**Given data**
_ _ _

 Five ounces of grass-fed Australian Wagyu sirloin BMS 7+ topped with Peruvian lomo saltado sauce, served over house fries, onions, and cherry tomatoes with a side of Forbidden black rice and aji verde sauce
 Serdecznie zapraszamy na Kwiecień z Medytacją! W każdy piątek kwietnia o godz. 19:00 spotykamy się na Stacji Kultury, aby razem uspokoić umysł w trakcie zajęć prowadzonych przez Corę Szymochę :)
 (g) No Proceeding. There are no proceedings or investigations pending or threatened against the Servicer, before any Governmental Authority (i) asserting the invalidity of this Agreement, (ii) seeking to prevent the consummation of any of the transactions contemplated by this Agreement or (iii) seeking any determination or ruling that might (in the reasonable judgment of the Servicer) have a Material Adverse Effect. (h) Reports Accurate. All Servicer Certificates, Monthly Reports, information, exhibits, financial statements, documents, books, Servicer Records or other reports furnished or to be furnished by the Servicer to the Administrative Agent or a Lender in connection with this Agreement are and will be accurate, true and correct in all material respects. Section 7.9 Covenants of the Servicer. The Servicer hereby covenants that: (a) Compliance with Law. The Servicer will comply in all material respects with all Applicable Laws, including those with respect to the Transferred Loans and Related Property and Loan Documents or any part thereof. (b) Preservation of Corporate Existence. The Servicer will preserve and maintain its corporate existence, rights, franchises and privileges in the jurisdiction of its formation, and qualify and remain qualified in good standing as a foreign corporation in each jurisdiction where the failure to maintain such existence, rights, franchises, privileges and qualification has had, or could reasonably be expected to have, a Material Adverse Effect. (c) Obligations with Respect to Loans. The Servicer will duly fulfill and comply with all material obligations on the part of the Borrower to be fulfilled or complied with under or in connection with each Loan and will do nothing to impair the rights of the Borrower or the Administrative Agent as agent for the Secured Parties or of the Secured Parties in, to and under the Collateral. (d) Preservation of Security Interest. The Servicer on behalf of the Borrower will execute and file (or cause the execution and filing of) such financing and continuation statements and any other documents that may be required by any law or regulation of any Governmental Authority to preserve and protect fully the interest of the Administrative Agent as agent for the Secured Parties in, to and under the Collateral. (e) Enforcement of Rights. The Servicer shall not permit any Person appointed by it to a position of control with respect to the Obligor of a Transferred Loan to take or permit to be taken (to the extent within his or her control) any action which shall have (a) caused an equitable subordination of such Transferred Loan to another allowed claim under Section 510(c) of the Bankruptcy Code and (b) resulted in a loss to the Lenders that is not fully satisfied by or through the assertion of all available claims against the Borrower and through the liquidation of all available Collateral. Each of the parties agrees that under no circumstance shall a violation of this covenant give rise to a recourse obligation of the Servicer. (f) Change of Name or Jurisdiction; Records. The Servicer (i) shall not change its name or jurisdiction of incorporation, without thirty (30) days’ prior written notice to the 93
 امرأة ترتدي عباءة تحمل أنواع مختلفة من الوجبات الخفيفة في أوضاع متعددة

_ _ _

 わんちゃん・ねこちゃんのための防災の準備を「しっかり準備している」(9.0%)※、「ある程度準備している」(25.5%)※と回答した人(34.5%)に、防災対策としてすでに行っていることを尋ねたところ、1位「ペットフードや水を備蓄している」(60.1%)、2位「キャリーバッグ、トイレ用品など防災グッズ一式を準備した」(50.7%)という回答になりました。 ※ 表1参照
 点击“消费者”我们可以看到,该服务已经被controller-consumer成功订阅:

_ _ _

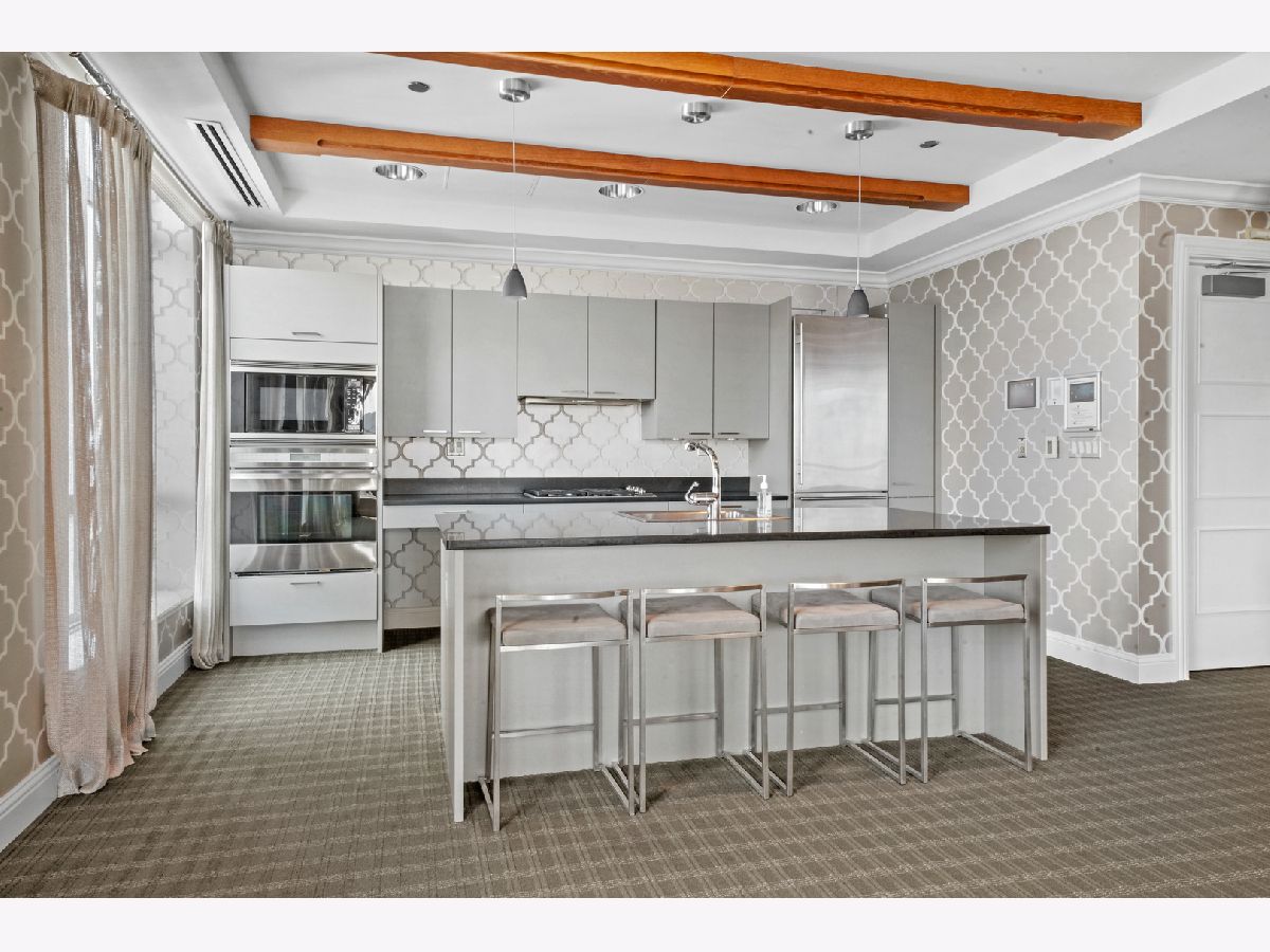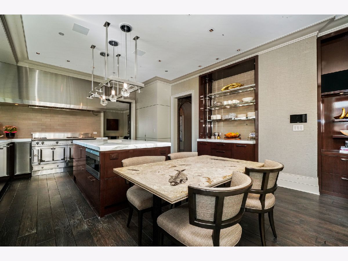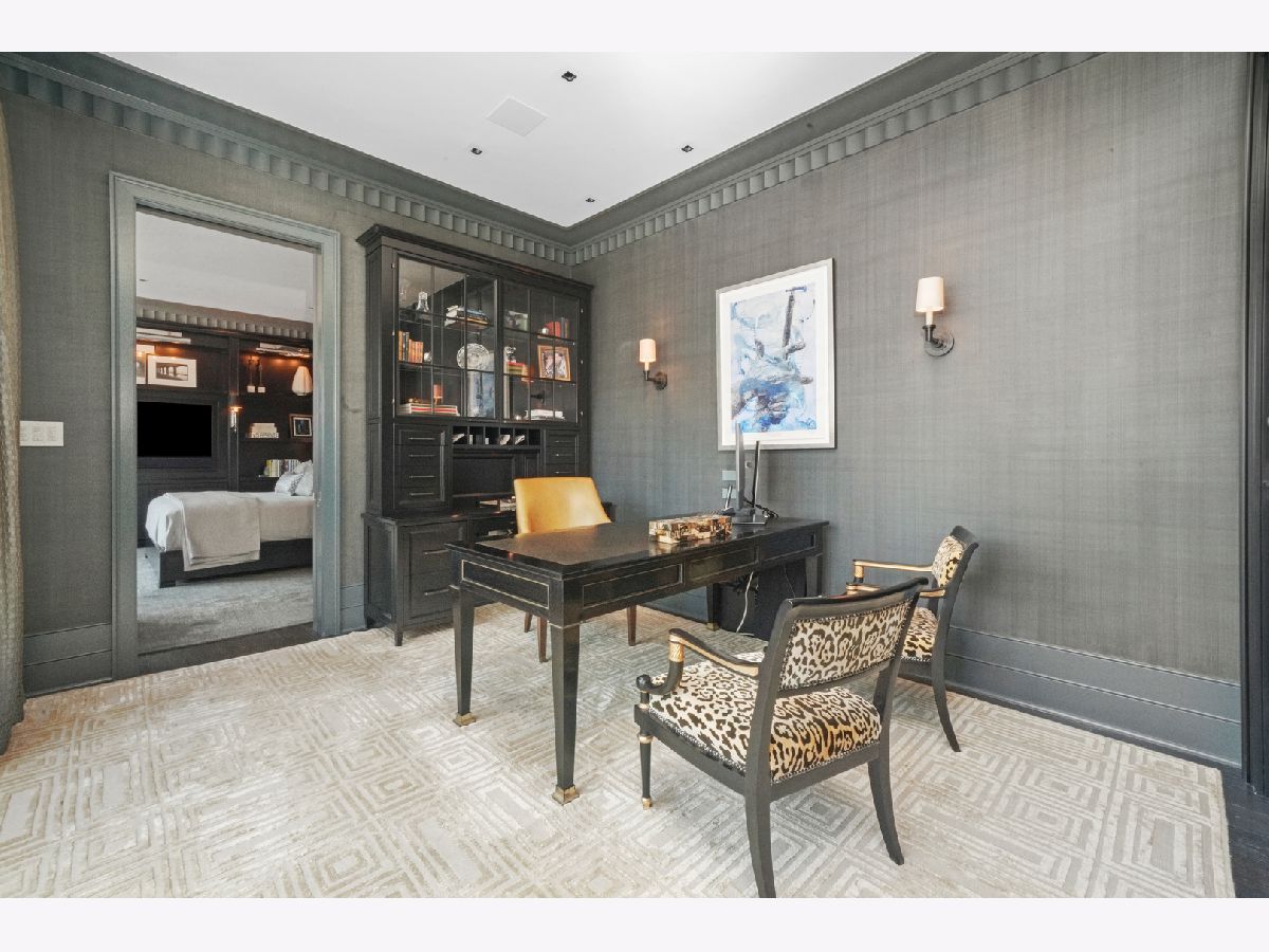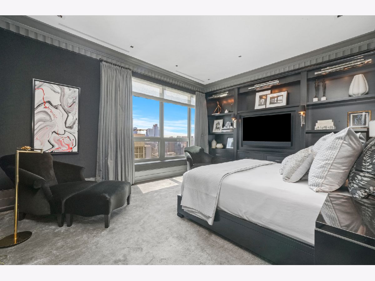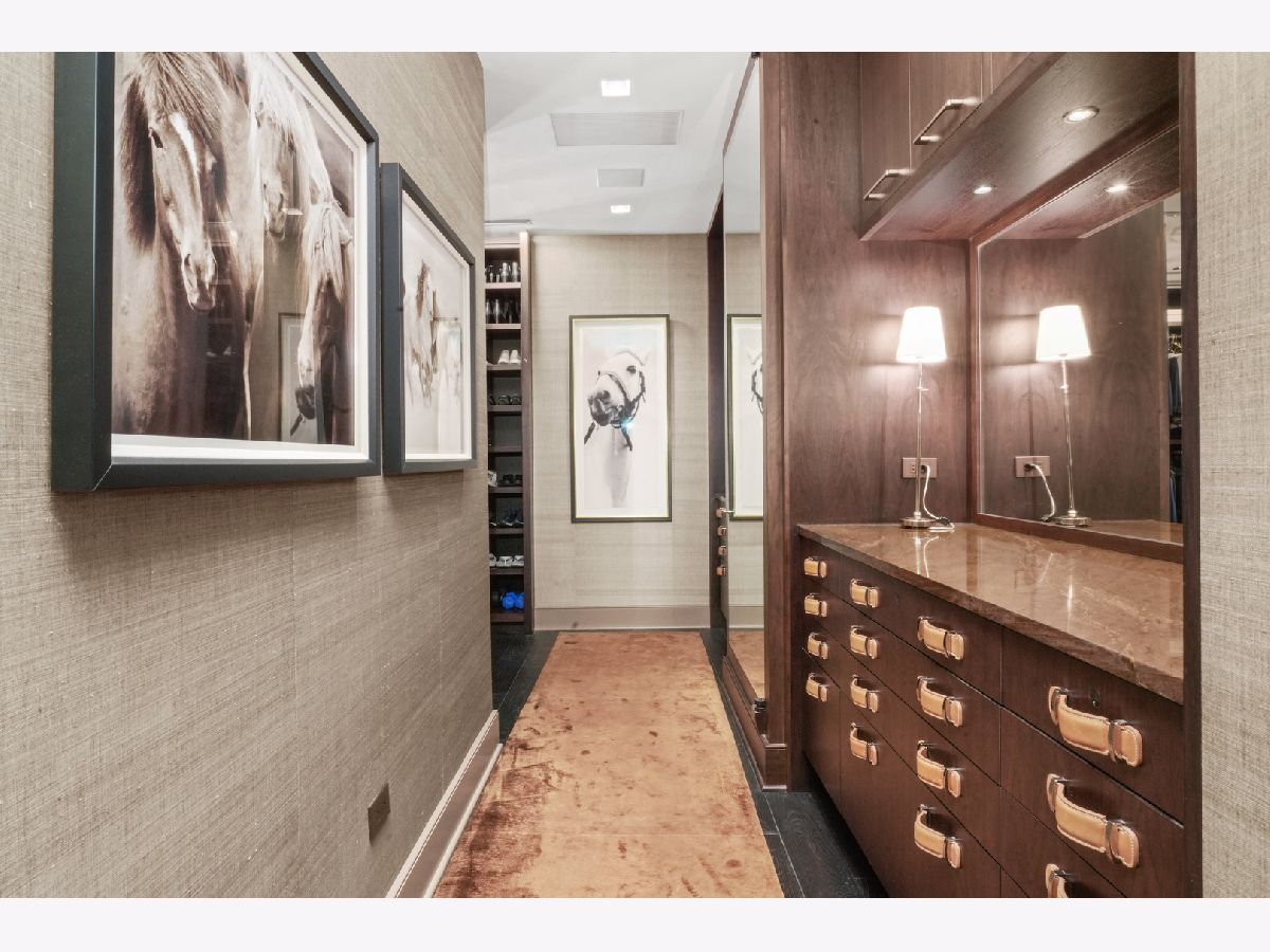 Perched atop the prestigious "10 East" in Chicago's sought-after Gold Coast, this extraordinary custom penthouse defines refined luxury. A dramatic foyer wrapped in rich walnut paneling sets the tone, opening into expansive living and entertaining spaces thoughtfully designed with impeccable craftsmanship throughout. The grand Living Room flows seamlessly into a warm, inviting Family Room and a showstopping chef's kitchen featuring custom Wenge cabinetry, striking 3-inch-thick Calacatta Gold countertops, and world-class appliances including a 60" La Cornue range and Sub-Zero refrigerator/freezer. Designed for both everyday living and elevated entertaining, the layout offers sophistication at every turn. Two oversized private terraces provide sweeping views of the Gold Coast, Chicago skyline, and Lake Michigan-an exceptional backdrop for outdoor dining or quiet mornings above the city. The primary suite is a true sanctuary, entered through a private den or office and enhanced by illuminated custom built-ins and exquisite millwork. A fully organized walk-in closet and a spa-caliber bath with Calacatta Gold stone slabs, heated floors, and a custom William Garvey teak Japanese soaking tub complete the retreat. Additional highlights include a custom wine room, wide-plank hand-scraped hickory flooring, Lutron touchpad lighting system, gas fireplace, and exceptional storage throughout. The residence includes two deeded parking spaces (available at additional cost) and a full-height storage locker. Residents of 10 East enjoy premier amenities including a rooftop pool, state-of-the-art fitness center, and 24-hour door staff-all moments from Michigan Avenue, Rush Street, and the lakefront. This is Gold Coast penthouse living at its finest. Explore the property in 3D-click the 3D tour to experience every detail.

_ _ _

**What needs to be done**
Print the lines above from the one with "Five ounces of" through the one with "Serdecznie zapraszamy na", both included, exactly as written and nothing more.

**Response to the task**
 Five ounces of grass-fed Australian Wagyu sirloin BMS 7+ topped with Peruvian lomo saltado sauce, served over house fries, onions, and cherry tomatoes with a side of Forbidden black rice and aji verde sauce
 Serdecznie zapraszamy na Kwiecień z Medytacją! W każdy piątek kwietnia o godz. 19:00 spotykamy się na Stacji Kultury, aby razem uspokoić umysł w trakcie zajęć prowadzonych przez Corę Szymochę :)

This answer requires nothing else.